What should be on our plates?
It has to taste good, grow well and easily with out chemical inputs, and provide for us no matter what Mother Nature throws at us during our growing season.
Last year I had a bumper crop of strawberries, even with the late freeze the previous year which took the king berries, my Honeoye put out. Perennial fruits like these are a winner here in the sand.
I also had a bumper crop of blemish-free Honeycrisp apples. I will admit to one spraying of a well-timed dormant oil very early in the growing season, while the tree was still in blossom. That's about as chemical free with good results as I have ever gotten. My apricots (Moorpark) dropped, from the effects of the cold spring and late freezes. My pears (Seckel) put out, but I was unable to harvest them; my son disinclined and busy, did not.)
So far, this year, the fruit trees show no inclination to bud up. They may have better communications with Mother Nature than the hard sugar maples. My father is the maple syrup maker in the group and he tells of a dismal season this year. A successful maple sap run is determined by a precise temperature fluctuation which has occurred on only a handful of days this year. Seeing the sap run was not up to expectation, he tapped those other members of the acer genus, the weedy box elders. The syrup made from box elders is not so sweet, darker, more earthy with other subtle tones.
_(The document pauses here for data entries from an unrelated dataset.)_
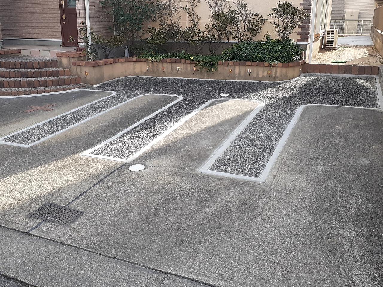 前面の駐車場の隙間も合わせてコンクリート敷きを施工させていただきました。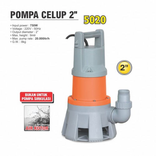 Input power : 750 W Voltage : 220 V - 50 Hz Output diameter : 2” Max. height : 9 mtr Max. pump rate : 20000 ltr/h G.W. : 8 kg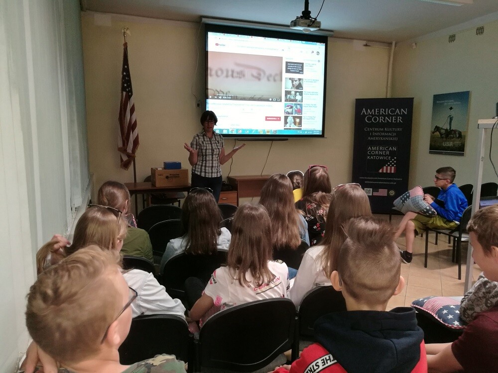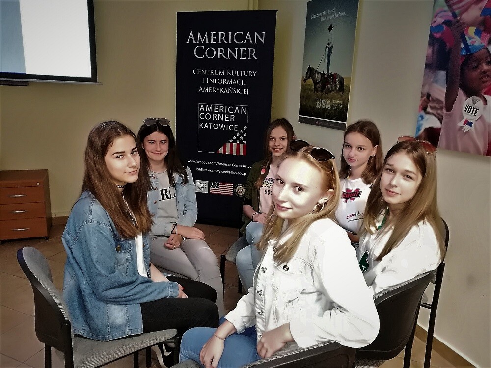 Dnia 14 maja 2018 roku klasa VIIB dwujęzyczna odwiedziła Centrum Kultury i Informacji Amerykańskiej American Corner w Katowicach.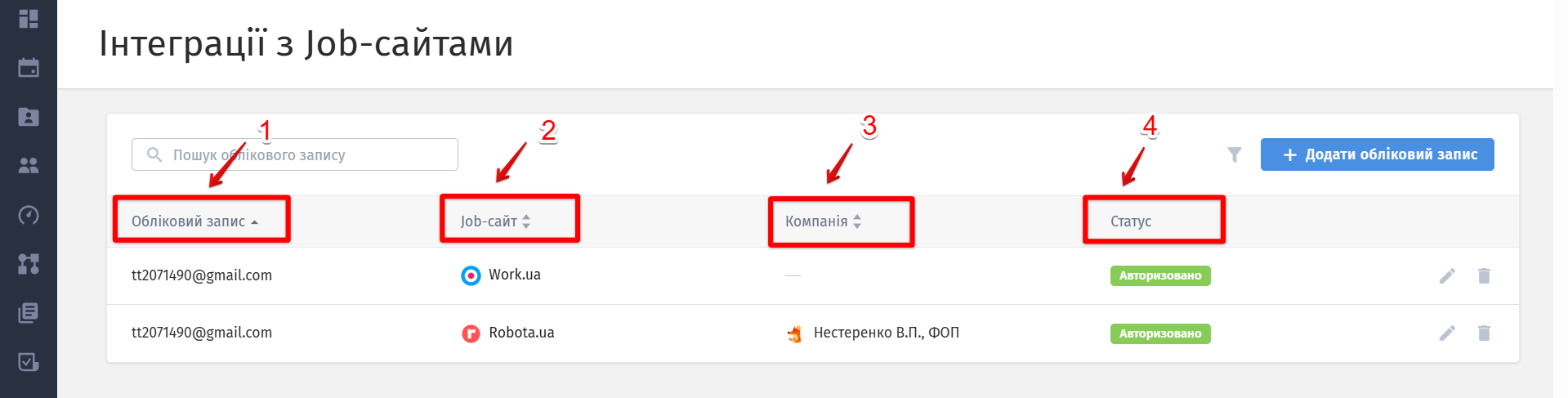 На сторінці відображаються всі підключені облікові записи поточного користувача. Дані представлені у вигляді таблиці з наступними колонками: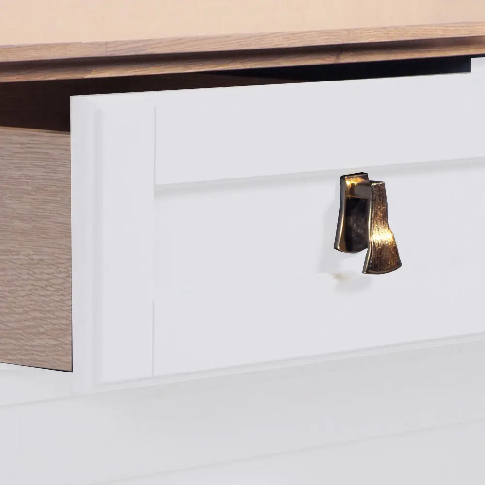 Фасадные части комода изготовлены из массива клеёного дуба, что придаёт ему прочность и долговечность. Каркас выполнен из клеёной древесины (дуб) и МДФ, облицованного шпоном (дуб). Опоры, обкладка и накладки также выполнены из массива.

Myself, I prefer the sweeter, clearer, high notes of the syrup from sugar maples. A couple of my sisters do prefer the box elder, though. Luckily this frees up supply for my sole pint of real maple syrup. (In plentiful years, I manage to obtain a couple quarts for my larder.)
In the growing year's succession of food, next up are the chives and rhubarb. Nearly all the family have these growing in a corner somewhere. There is little need for me to provide these. Sometimes when someone moves a new start will be given. This year, I detect an interest in transplants each of us can grow in a container. I have those in abundance already growing under lights. As their farmer, transplants of basil, and tomatoes may be in big demand.